## ENTRIES SHOWN:
________________

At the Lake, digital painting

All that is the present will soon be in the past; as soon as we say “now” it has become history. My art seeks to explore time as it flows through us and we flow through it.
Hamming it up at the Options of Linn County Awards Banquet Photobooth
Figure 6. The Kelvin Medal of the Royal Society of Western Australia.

________________

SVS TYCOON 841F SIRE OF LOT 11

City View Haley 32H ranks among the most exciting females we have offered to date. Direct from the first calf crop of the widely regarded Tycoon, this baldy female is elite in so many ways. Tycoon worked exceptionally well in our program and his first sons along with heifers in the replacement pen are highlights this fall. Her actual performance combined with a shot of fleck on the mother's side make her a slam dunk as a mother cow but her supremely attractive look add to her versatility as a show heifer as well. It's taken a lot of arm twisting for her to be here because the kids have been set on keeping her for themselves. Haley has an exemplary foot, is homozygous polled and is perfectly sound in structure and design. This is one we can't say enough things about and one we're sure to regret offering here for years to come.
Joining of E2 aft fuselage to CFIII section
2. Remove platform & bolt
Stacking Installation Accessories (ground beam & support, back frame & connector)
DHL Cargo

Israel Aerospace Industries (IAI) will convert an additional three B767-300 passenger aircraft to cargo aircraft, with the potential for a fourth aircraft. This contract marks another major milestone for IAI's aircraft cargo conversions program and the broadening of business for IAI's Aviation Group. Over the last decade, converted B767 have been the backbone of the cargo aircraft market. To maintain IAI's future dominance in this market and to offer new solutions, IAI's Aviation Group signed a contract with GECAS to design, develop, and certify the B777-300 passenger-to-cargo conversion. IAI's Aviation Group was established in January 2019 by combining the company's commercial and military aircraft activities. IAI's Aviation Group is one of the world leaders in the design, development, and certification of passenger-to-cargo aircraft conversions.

________________

Give back exactly the lines above starting at the line where "All that is" appears and ending at the line where "Figure 6. The" appears, both included, with no other lines.

All that is the present will soon be in the past; as soon as we say “now” it has become history. My art seeks to explore time as it flows through us and we flow through it.
Hamming it up at the Options of Linn County Awards Banquet Photobooth
Figure 6. The Kelvin Medal of the Royal Society of Western Australia.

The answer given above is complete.